Vor 50 Jahren trat die letzte Neufassung des Betriebsverfassungsgesetzes (BetrVG) in Kraft. Die Arbeitswelt ist heute eine andere. Das Gesetz gehört daher modernisiert. Eine Expertengruppe aus Wissenschaft und DGB-Gewerkschaften hat daher einen Reformvorschlag vorgelegt. Wir haben den Leiter der Gruppe, Dr. Thomas Klebe, zu einigen Details befragt.

Eine Gruppe von Expertinnen und Experten aus den DGB-Gewerkschaften, der Hans-Böckler-Stiftung sowie Jura-Professoren von den Universitäten Göttingen und Bremen hat ein detailliertes Reformkonzept in Form eines Gesetzesvorschlags erarbeitet, das am 6.4.2022 der Presse vorgestellt wurde.

Hier geht es zum Gesetz-Entwurf als PDF-Download.

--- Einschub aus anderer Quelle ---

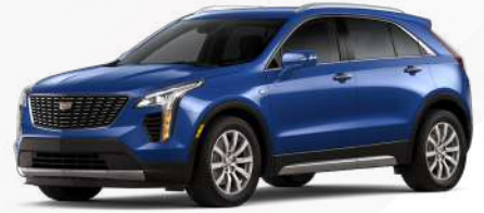
כחול מטאלי | GKK
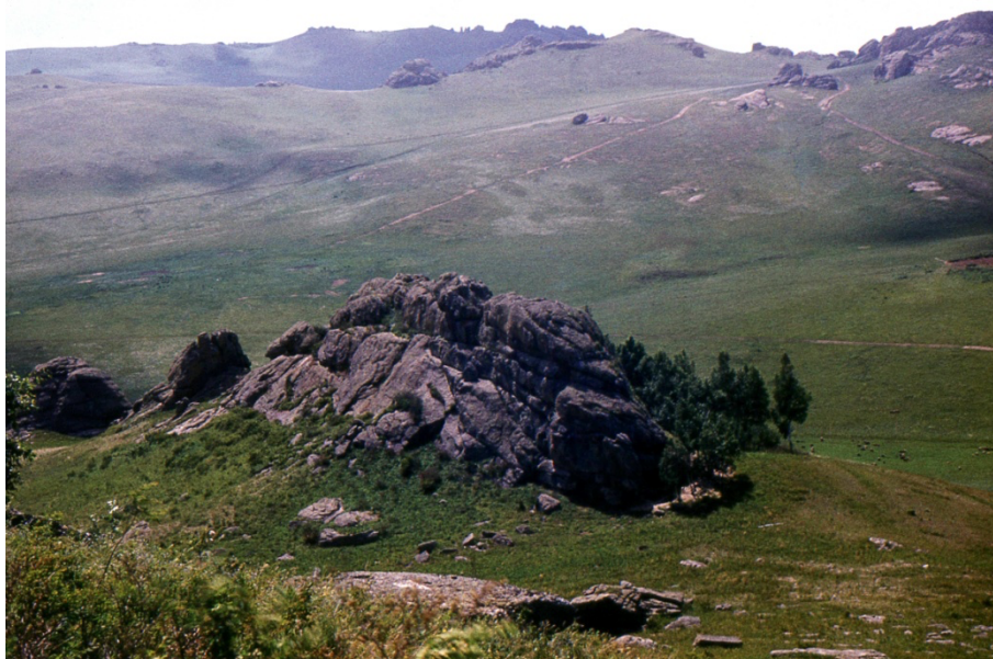
Фото № 4. Дорога к перевалу Нерчинского хребта. Июнь 1985 года.
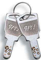
キーNo. D001 钥匙
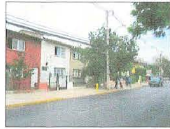
Población el Guanaco (1961) Mutual de Carabineros
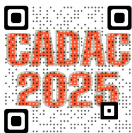
Table ronde « Être ou Paraître »
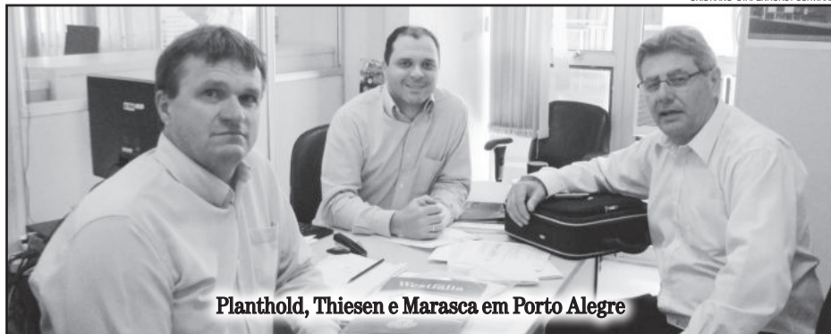
Planthold, Thiesen e Marasca em Porto Alegre
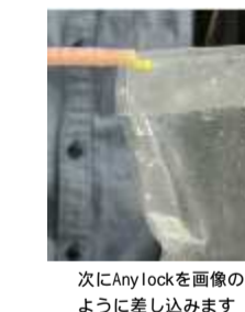
次にAnylockを画像のように差し込みます
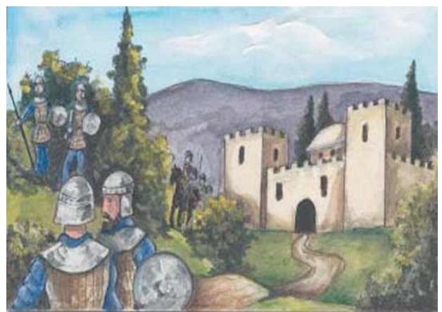
Ο Ιουστινιανός έφτιαξε δυνατό στρατό. Οι στρατιώτες φυλούσαν τα σύνορα του Βυζαντίου.
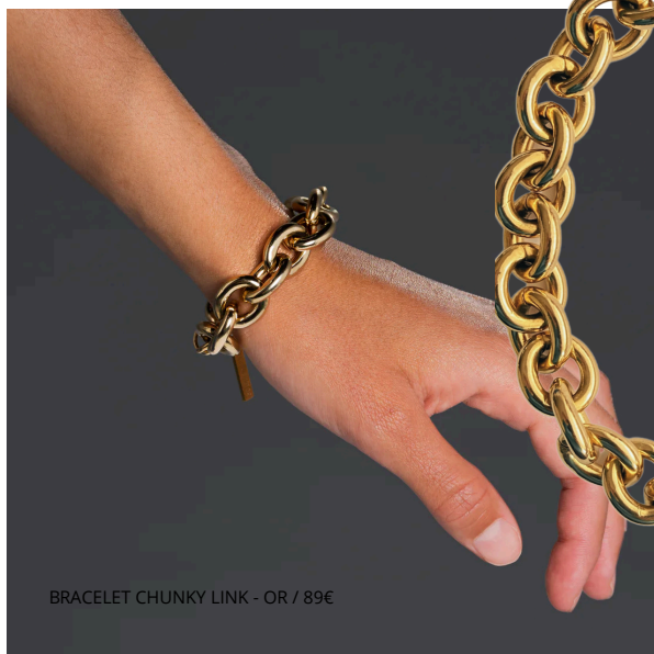
BRACELET CHUNKY LINK - OR / 89€
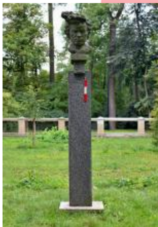
Čelní pohled na pomník s měřítkem (09/2019/VD)
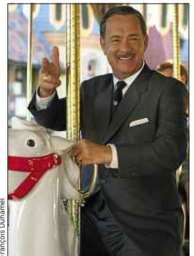
Tom Hanks incarne Walt Disney.
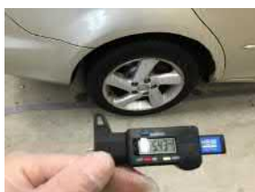
заднее правые шины
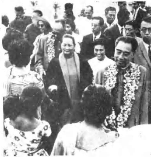
一九六四年二月和周恩来、陈毅 对锡兰进行国事访问
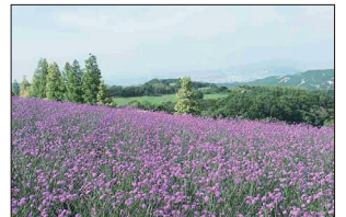
[淡路花さじき 三尺バーベナ]

食を楽しんだ「たこせんべいの里」、三尺バーベナと丘の先に広がる大阪湾の眺望が素晴らしい「淡路花さじき」(百景No.13)を訪れ、無事6時半に帰着しました。
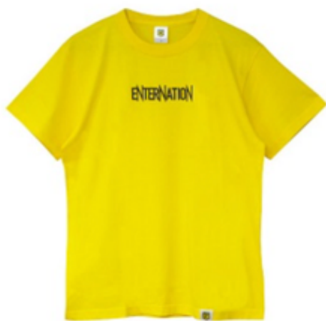
ENTERNATIONオリジナル カナリアTシャツ ¥3,000(内税)

ENTERNATIONオフィシャルグッズサイト : https://enternation.shop-pro.jp
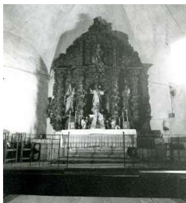
► 22. Altar mayor, con la reja y ara actualmente desaparecidas. IPCE/MCU
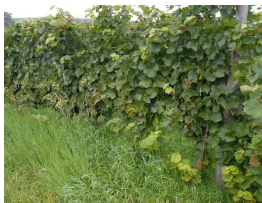
Abb. 3: Mangelnde Laubarbeiten und hoher Unterwuchs fördern die Kirschessigfliege.
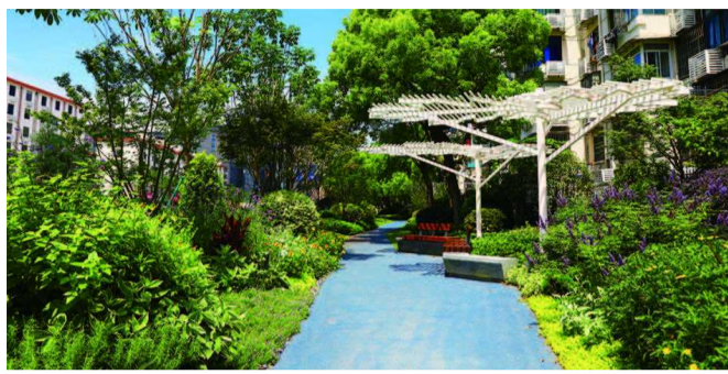
供居民休憩的绿化道

此外,在原佳程广场位置留存的施工围墙,存在一定的安全隐患。为此,街道委托区绿化市容局特别设计了沿围墙花坛,并栽种开
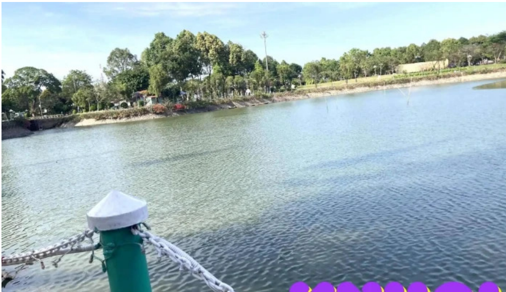
Van thanh mieu moi nhat
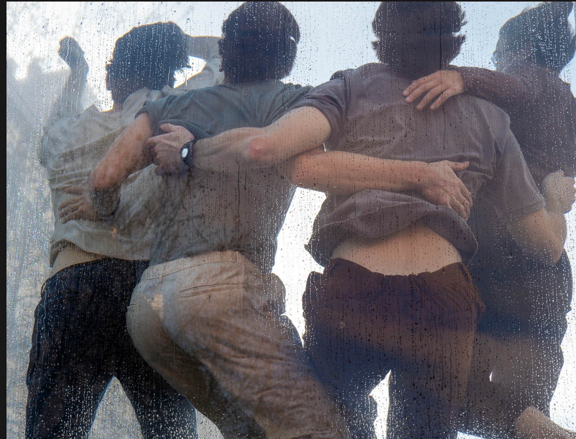
Men in the water, Marseille, Février 2025
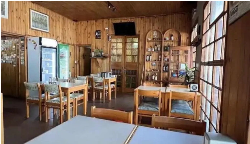
Don juan todas
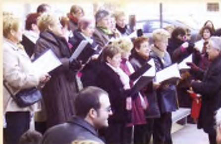
La Mostra de Corals, novament un nou èxit de públic
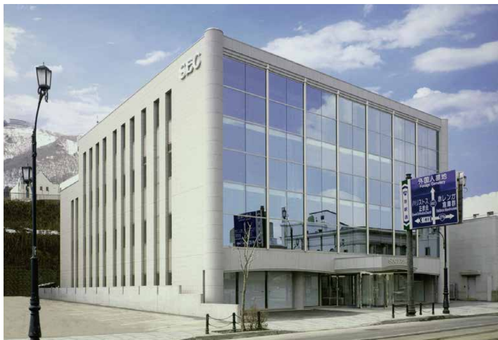
エスイーシー システムビル（函館市末広町）
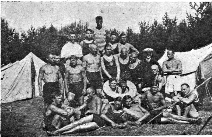
Grupp kursustest osawõtjaid Piirital laagris.

masina kõrwal peab olema ka teguwõimas inimene, kes teda juhib. Et seda kätte saada, on wälja töötatud laialdane süstemaatiline kawa kehalise kaswatuse alal, algades juba koolipingist ja jätkates
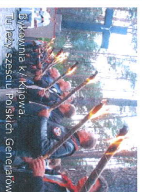
Bykownia K/ Kijowa. Tu leży sześciu Poliskich Generatów.
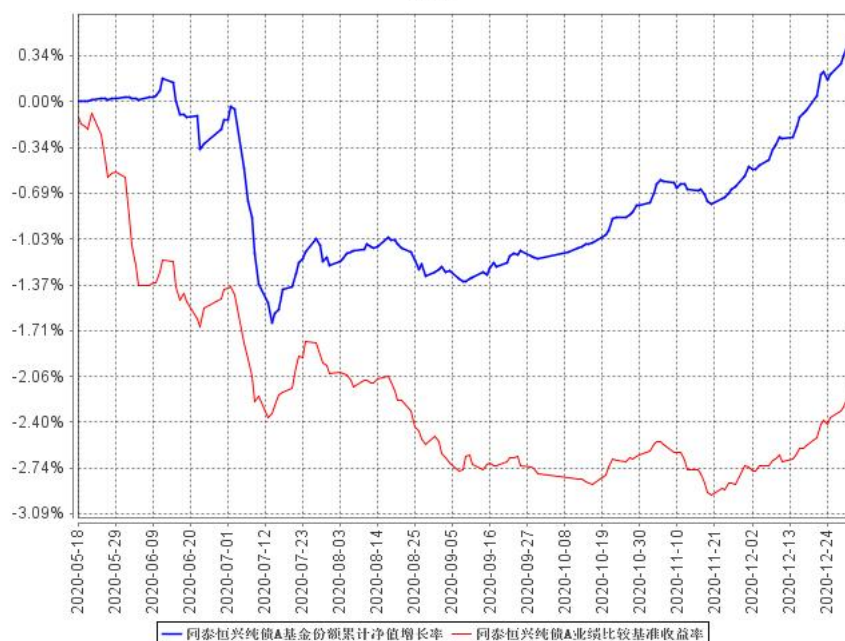
同泰恒兴纯债A基金份额累计净值增长率与同期业绩比较基准收益率的历史走势对比图
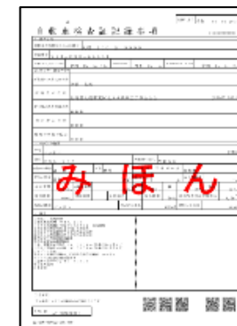
自動車検査証記録事項

車両を検査する自動車検査員が車検証閲覧アプリから印刷した自動車検査証記録事項による確認でも結構です。

Eine Online-Synopse des BetrVG-Reformvorschlags mit dem aktuell gültigen Gesetz gibt es auf dem AuR-Blog.

1. Im letzten Jahr trat das Betriebsrätemodernisierungsgesetz in Kraft. Warum reicht Euch diese Reform nicht?

Thomas Klebe: Das war ja nur ein Reförmchen. Antworten auf die zentralen Fragen der Gegenwart und Zukunft fehlen völlig. Stichwörter: Transformation, Digitalisierung und Globalisierung. Wenn Betriebsräte auf Augenhöhe mit dem Arbeitgeber handeln sollen, ist hier gravierender Handlungsbedarf für den Gesetzgeber gegeben.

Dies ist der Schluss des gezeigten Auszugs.